- Born: Geraldine Loretta Glynn September 3, 1923 Los Angeles, California, U.S.
- Died: February 26, 2019 (aged 95)
- Occupations: author; lecturer; cruise director; model;
- Years active: 1974–2019
- Spouses: ; Russell Phillips ​ ​(m. 1942; div. 1950)​ ; Sydney Omarr ​ ​(m. 1966; div. 1966)​ ; Arthur Andrews ​ ​(m. 1972; died 2003)​
- Children: Gail Maureen Phillips (1943–1970)

= Jeraldine Saunders =

American writer (1923–2019)

Geraldine Loretta Saunders (September 3, 1923 – February 26, 2019) known under the pen name Jeraldine Saunders was an American writer. Her 1974 book The Love Boats inspired the television series The Love Boat. She also worked as a model, an astrologer, an numerologist and palm reader.

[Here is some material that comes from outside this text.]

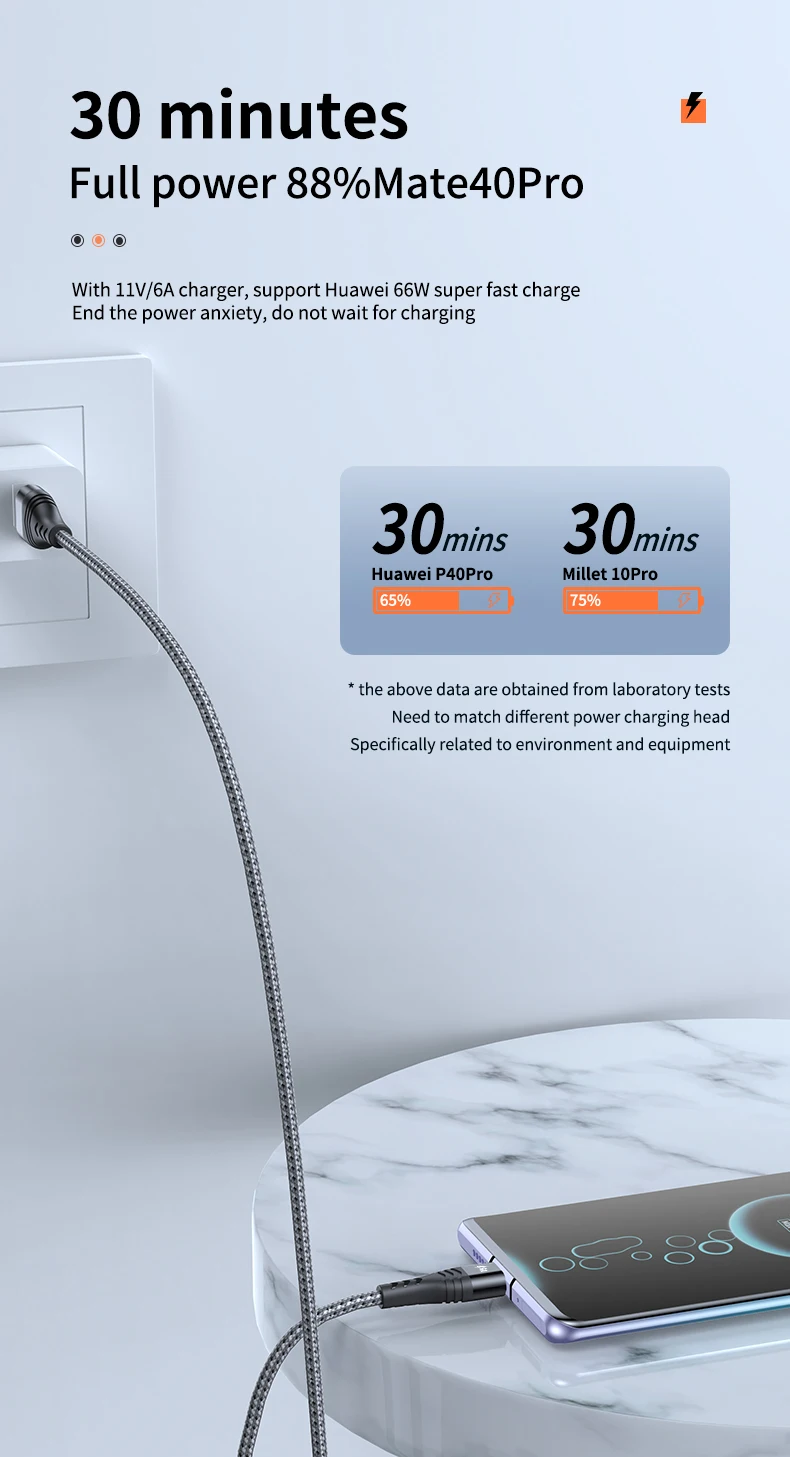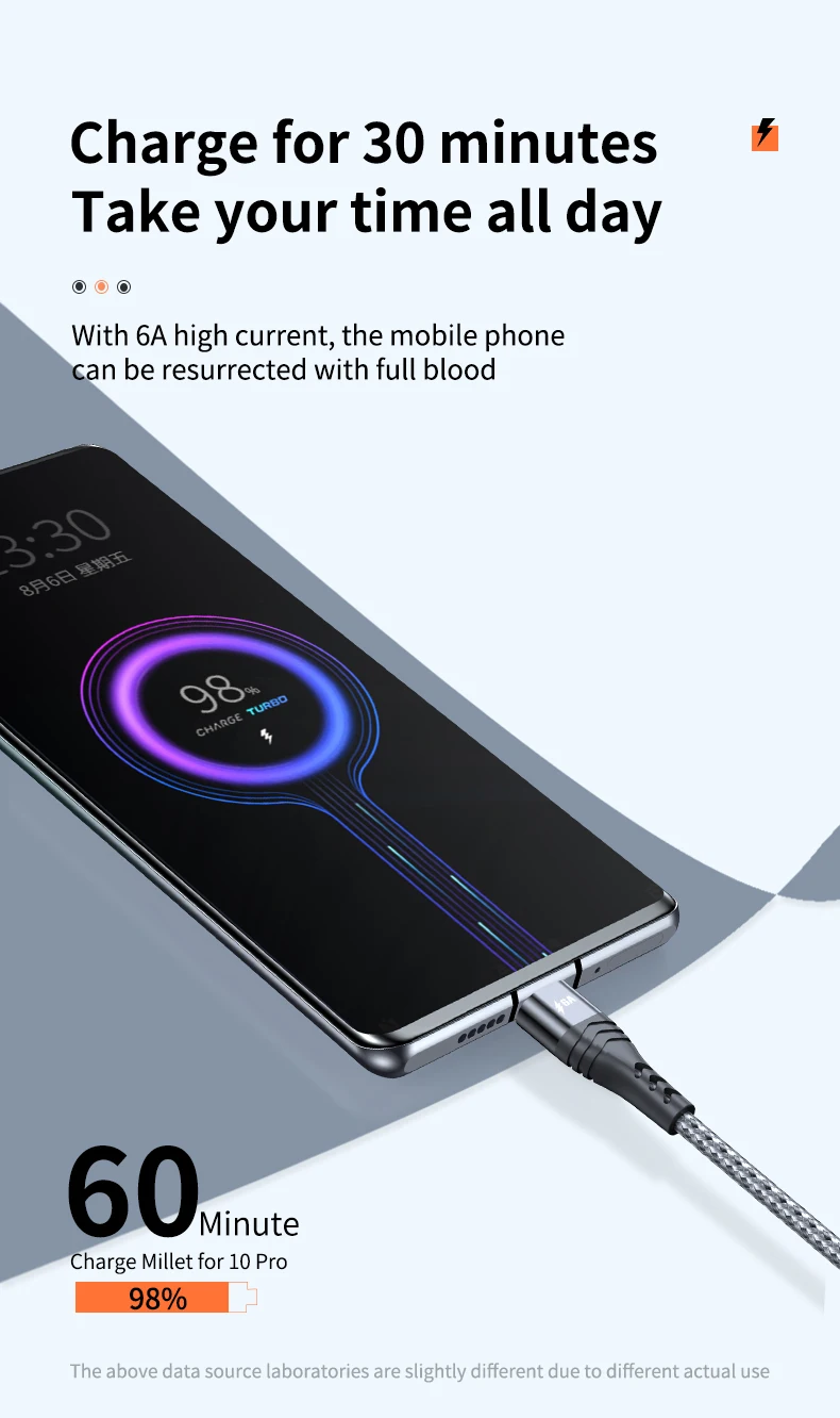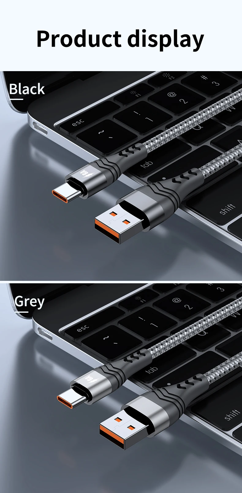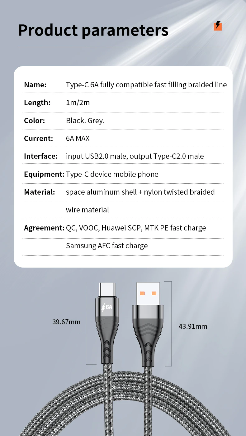 Comprar Cable USB tipo C de carga rápida, 6A, 66W, Cable de datos 6A, cables de cargador USB C para Samsung S21, Xiaomi, Huawei P40 Pro, 3M, 2M, 1M

The program was based on her 1974 book, The Love Boats, her anecdotal account of her time employed as the first full-time female cruise director. From 2003 until her death Saunders was the author of Omarr's Astrological Forecast. The nationally syndicated horoscope column, read by hundreds of thousands worldwide, was originally created by Sydney Omarr, to whom she had been briefly married in 1966.

In 1968 Saunders discovered her fiancé, the actor Albert Dekker, dead in his Hollywood home. The death was ruled to be accidental.